Ele estima uma inflação acima de 5% para este ano combinada à expansão de 6, 5% PIB.

– Depois do período de crescimento é natural uma certa acomodação da economia, como deve acontecer nos próximos trimestres.

A demanda também não tem tanto espaço para aumentar ao longo do ano e deve começar a ficar compatível com a oferta nacional – avalia Loyola.

A utilização da capacidade instalada da indústria aumentou 0,8 ponto percentual e praticamente retornou ao patamar pré-crise, chegando a 83% em abril, contra 83,1% em setembro de 2008, segundo indicadores divulgados ontem pela Confederação Nacional da Indústria (CNI).

O faturamento da indústria caiu 4,9% em abril na comparação com março deste ano. Esta foi a segunda queda registrada em 2010. Em janeiro, as vendas industriais haviam recuado 3,2% em relação a dezembro do ano passado.

– Depois de um primeiro

trimestre muito intenso, com resultados muito fortes, já era esperada essa acomodação. Entre as razões está o fim de alguns estímulos fiscais, para eletrodomésticos e automóveis – disse o gerente executivo de Pesquisa da CNI, Flávio castelo Branco.

A maior alta no PIB do primeiro trimestre foi na indústria (4,2%), com agropecuária (2,7%) e serviços (1,9%) em seguida. Em relação aos componentes da demanda interna, o maior destaque foi o crescimento de 7,4% no primeiro trimestre da formação bruta de capital fixo, que registra a ampliação da capacidade produtiva futura.
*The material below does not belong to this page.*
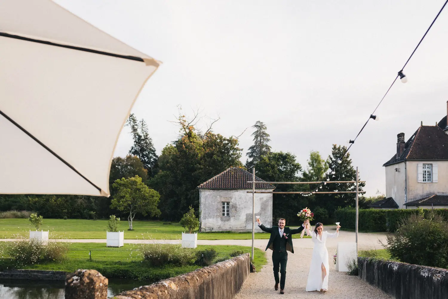 Les mariés avancent main dans la main vers la photographe durant leur séance photo de mariage au château de Campet dans les Landes

Professor de economia da Universidade de Brasília (UnB), Nilton Marques destaca que vários setores da indústria estão saturados e poderiam enfrentar escassez de mão de obra se o ritmo de crescimento do primeiro trimestre se repetisse.

– O país está praticamente sem capacidade ociosa, e mesmo um pequeno aumento das encomendas pode significar elevação de preços – explica.

O crescimento do PIB foi o mais alto desde 1995 na comparação com os mesmos períodos. A taxa de investimento no primeiro trimestre de 2010 foi de 18% do PIB, superior à taxa de igual período do ano anterior (16,3%).

– O crescimento é alto.

Não deveria ser tão alto. É surpreendente e exagerado.

Deveria ser de 6% a 6,5%. Não só é capaz de gerar inflação, como de criar outros problemas na área de logística. Temos de resolver uma série de questões em logística que ainda não resolvemos – disse o ministro do Desenvolvimento, Miguel Jorge.

Ele disse que está havendo uma reacomodação por várias razões.

“Como reduções de incentivos, aumento de juros, aumento do compulsório pelo BC. Tudo isso está levando a uma reacomodação do nível de atividade”, disse Jorge.

Ritmo chinês O professor de finanças e economia da Escola Brasileira de Administração Pública e de Empresas da Fundação Getulio Vargas (Ebape/FGV), Rogério Sobreira, explica que a economia brasileira não está preparada para crescer no ritmo chinês. A economia deve crescer de 6,5% a 7%, o que para Sobreira não plenamente sustentável, e a inflação deve ficar em torno de 5,5% este ano.

Sobreira destaca que o volume de investimentos nacionais deveriam ser maiores, em torno de 22% para sustentar a expansão de 9% do PIB e compara com a taxa de investimento da China que fica acima de 25% do PIB.

– O Brasil tem gargalos como o custo do capital, a elevada carga tributária e a baixa eficiência da educação que dificulta o aumento de investimentos no país – diz Sobreira.